La Serranía is a comarca in the province of Guadalajara, central Spain, with the capital in the city of Sigüenza. It is one of the less populated regions in Europe. La Serranía is home to monumental villages such as Anguita, Atienza, Luzón, Palazuelos.
Abundant archaeological sites from the Iron Age have been found, especially around Sigüenza. There are deposits in Santamera, Riosalido and Castilviejo de Guijosa.
During the Romanization of Hispania in the second century BC, Sigüenza was one of the last Arevaci bastions to fall. Roman roads still exist in these environs and remains of mansions, cauponas, taverns and mutationes have been found in places like Mandayona, Palazuelos, Carabias and Alcuneza.
Castles in Alcorlo, Atienza, Beleña de Sorbe, Cogolludo, Riba de Santiuste and Sigüenza, as well as the Bujarrabal and Barbatona towers date back to the Andalusi period.
From the twelfth century onward, after the Castilian conquest, rural Romanesque style was developed throughout the region, abundant examples of which survive to date, though significantly transformed in the seventeenth century.
Atienza increased to fifteen churches, of which five of Romanesque origin remain today. Other examples of Romanesque present in the Pela highlands are the San Bartolome de Campisábalos church, the San Pedro de Villacadima church and the Santa Coloma de Albendiego hermitage, with its prominent apse.

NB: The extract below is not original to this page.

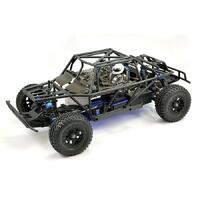 Front and rear fully independant suspension features oil filled shock absorbers, adjustable turnbuckles and anti-roll bars for fine tuning. Flexible front and rear wide tubular style bumpers and skid plates protect, while the pre-printed bodyshell covers an internal roll cage and driver cockpit.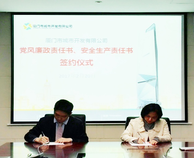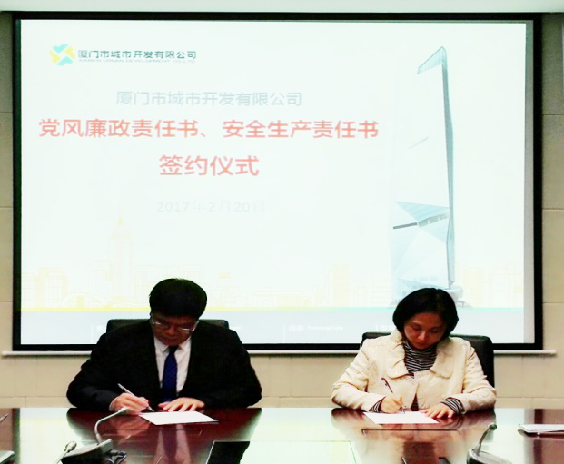 2月20日上午,城开公司黄昆明董事长主持召开2017年城开公司党风廉政责任书暨安全生产责任书签订仪式,公司全体人员参加。

In Sigüenza there are the San Vicente and Santiago churches. Other noteworthy churches in the rest of the region are the Salvador de Carabias church, the Pinilla de Jadraque Church of the Assumption, the Saúca church of the Assumption and the Beleña de Sorbe church of the Assumption. Also of note is the Bonaval Monastery, in the Jarama valley, near Retiendas, dating originally to 1162 and mixing Romanesque with Gothic.